Apuntes de una relectora crónica

Muy pronto en mi vida fue demasiado tarde. A los dieciocho años ya era demasiado tarde. Entre los dieciocho y los veinticinco años mi rostro emprendió un camino imprevisto. A los dieciocho años envejecí […] En lugar de horrorizarme seguí la evolución de ese envejecimiento con interés […] Quienes me conocieron a los diecisiete años, en la época de mi viaje a Francia, quedaron impresionados al volver a verme, dos años después, a los diecinueve. He conservado aquel nuevo rostro. Ha sido mi rostro […] ha conservado los mismos contornos, pero la materia está destruida. Tengo un rostro destruido.
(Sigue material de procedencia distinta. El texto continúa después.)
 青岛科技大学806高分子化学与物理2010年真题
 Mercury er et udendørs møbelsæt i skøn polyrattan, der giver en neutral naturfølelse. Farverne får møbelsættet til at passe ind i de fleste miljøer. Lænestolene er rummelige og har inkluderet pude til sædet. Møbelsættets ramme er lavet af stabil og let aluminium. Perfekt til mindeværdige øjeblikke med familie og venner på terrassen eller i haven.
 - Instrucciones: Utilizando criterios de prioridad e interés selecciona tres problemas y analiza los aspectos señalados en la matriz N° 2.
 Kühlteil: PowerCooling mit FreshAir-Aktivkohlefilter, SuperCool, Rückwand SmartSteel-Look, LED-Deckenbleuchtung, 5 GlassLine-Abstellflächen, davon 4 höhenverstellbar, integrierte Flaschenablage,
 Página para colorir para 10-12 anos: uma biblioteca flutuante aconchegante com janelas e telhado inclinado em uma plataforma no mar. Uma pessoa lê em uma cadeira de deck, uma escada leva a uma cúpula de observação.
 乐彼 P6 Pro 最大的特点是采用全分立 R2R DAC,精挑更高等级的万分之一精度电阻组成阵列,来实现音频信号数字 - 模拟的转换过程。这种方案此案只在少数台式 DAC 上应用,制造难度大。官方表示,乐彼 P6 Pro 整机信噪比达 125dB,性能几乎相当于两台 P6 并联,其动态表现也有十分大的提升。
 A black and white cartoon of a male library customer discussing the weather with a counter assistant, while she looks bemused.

La narradora de la novela de Duras El amante podría buenamente haberse encontrado con Chéri en el piso parisino al que este iba a menudo a consumir opio (y al que, en última instancia, fue a suicidarse): son tal para cual. Esto, sin embargo, no es algo que yo habría podido comprender sin la edad suficiente para, primero, releer a Colette y, luego, en su momento, a Duras, a la luz de un saber que solo los años de vida pueden dar.

Cuando yo tenía ocho años, mi madre me cortó un trozo del vestido que estaba deseando ponerme para el cumpleaños de una amiga. Cogió unas tijeras de costura y cortó la parte de tela que me habría tapado el corazón en el supuesto, como decía ella, de que hubiese tenido. «Vas a acabar conmigo», bramaba, con los ojos y los puños apretados con furia, cada vez que la desobedecía, le exigía una explicación que no podía proporcionarme o me quejaba por algo que ella no iba a darme. «Cualquier día me caigo muerta en el suelo —me gritó ese día—. No tienes corazón». Huelga decir que no fui a ese cumpleaños y en cambio me pasé una semana llorando y cincuenta años lamentándome por el incidente.
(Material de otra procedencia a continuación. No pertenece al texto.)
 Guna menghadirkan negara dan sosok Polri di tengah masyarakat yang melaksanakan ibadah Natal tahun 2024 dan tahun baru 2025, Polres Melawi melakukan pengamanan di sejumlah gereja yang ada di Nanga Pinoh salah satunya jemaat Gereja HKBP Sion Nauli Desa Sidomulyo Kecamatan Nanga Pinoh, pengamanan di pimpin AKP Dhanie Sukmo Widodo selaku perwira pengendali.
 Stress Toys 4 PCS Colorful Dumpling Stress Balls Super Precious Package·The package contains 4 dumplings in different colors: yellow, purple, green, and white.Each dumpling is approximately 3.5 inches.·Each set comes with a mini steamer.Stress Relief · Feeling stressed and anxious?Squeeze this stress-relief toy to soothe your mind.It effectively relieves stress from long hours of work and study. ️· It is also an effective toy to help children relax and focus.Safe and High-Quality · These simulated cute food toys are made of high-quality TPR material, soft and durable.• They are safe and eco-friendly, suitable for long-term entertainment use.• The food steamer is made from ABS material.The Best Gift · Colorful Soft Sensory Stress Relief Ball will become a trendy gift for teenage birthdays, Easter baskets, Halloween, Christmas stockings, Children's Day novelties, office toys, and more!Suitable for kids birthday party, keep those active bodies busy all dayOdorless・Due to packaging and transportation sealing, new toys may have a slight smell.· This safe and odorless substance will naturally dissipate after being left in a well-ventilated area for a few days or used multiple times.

«¿Cómo pudiste hacerle eso a una cría?», le preguntaría a mi madre años después, a los dieciocho la primera vez, de nuevo a los treinta y otra vez a los cuarenta y ocho.

Lo más curioso era que siempre que le mencionaba el incidente ella me decía: «Eso nunca pasó». Yo me quedaba entonces mirándola, a cada ocasión con más desdén, y le hacía saber sin contemplaciones que pensaba recordarle aquel crimen contra la infancia hasta que una de las dos muriera.

Conforme pasaron los años y yo sacando con regularidad el tema del corte del vestido, ella negaba con la misma regularidad su veracidad. Así que cada una siguió en su empeño, yo sin creerle, y sin creerle y venga a no creerle. Hasta que un buen día, como en un fogonazo repentino, le creí. En una tarde fría de primavera, a mis cincuenta y muchos años, cuando iba camino de su casa, me bajé del autobús que atraviesa Manhattan de medio a medio por la calle Veintitrés y, nada más pisar la acera, comprendí que lo que quiera que hubiese pasado aquel día de hacía más de medio siglo no había sido en absoluto tal y como yo lo recordaba.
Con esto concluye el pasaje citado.